Continued Improvement For Today's Mortgage Rates 3-15-2018

By James Brooks

The bond market is up 4/32 (2.80%), which with a little strength late yesterday should improve Raleigh area rates by .125 of a discount point.

Last week?s unemployment figures were posted at 8:30 AM ET this morning, revealing 226,000 new claims for benefits. This was a decline from the previous week?s revised 230,000 new filings, but pegged expectations. Because of the lack of variance from forecasts and the fact that this is only a weekly snapshot, mortgage rates have had no reaction to the news.

The week closes tomorrow with three pieces of economic data that have the potential to slightly influence mortgage pricing. February's Housing Starts data will start the day at 8:30 AM ET. This report tracks construction starts of new housing and doesn't usually cause much movement in mortgage rates. It is considered one of the least important reports we see each month but is expected to show a decline in new starts, indicating softness in the housing sector. Good news for the bond market and mortgage rates would be a sizable decline in new starts. However, unless we see a large variance from forecasts the data likely will not lead to a noticeable move in mortgage pricing.

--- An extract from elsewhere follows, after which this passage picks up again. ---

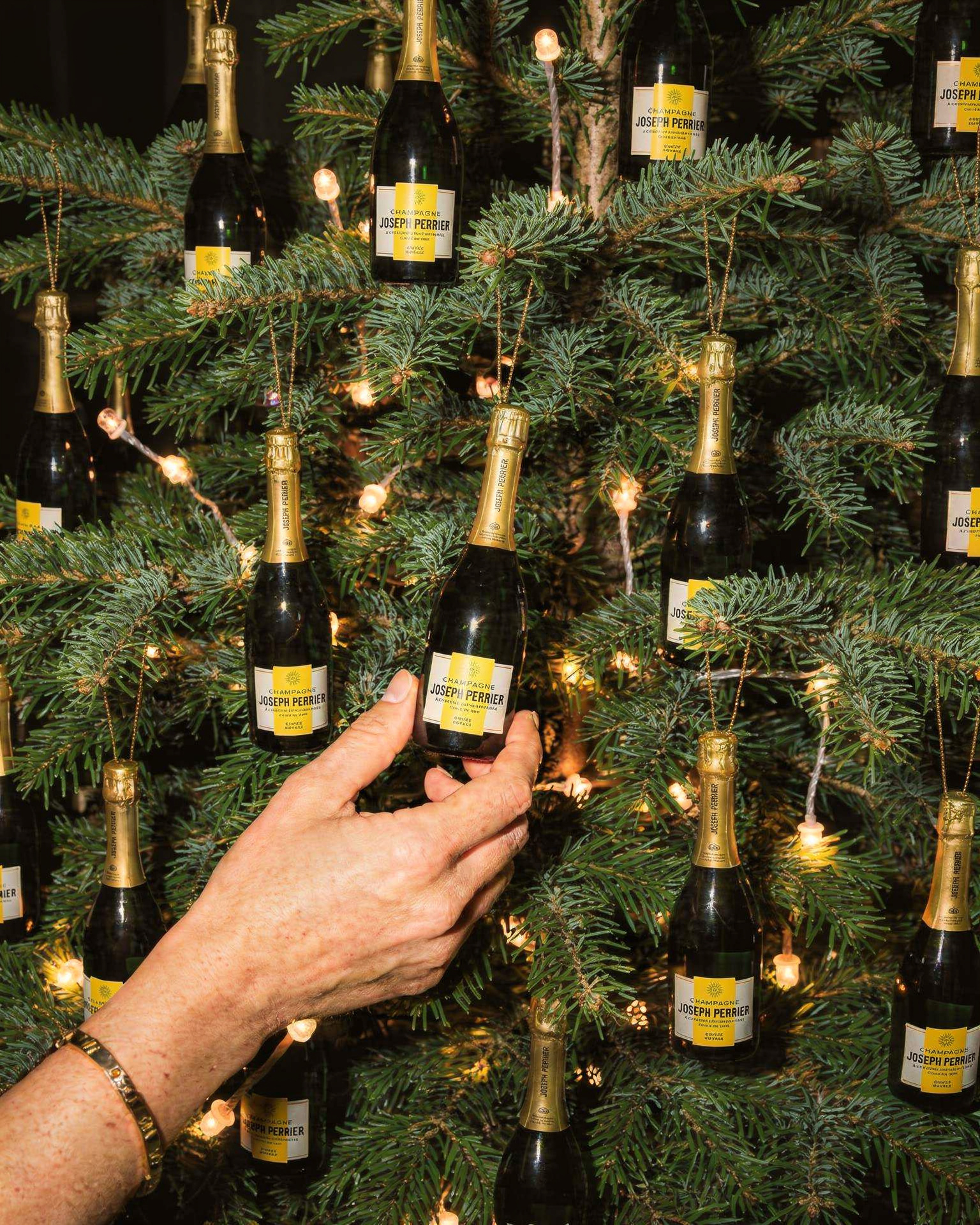 Nous avons imaginé une atmosphère chaleureuse, inspirée d’un réveillon élégant, avec une table dressée, un sapin décoré, des mini-bouteilles détournées en ornements, des verres qui s’entrechoquent et des sourires spontanés.

Next up is February's Industrial Production report at 9:15 AM ET. This report measures manufacturing sector strength by tracking output at U.S. factories, mines and utilities. It is expected to show a 0.3% rise from January's level. A large decline would be considered favorable news for bonds and mortgage rates because it would indicate manufacturing sector weakness. Broader economic growth would be more difficult if manufacturing activity is slipping.

The final release of the week is the University of Michigan's Index of Consumer Sentiment for March at 10:00 AM ET. This index gives us a measurement of consumer willingness to spend. If consumers are more confident in their own financial and employment situations, then they are more apt to make large purchases in the near future. This helps fuel consumer spending levels and economic growth. A drop in confidence will probably hurt the stock markets and boost bond prices, leading to lower mortgage rates. Bad news for bonds and mortgage rates would be rapidly rising confidence. It is expected to show a reading of 90.0, down from February's final reading of 99.7.

If I were considering financing/refinancing a home, I would.... Lock if my closing was taking place within 7 days... Lock if my closing was taking place between 8 and 20 days... Float if my closing was taking place between 21 and 60 days... Float if my closing was taking place over 60 days from now.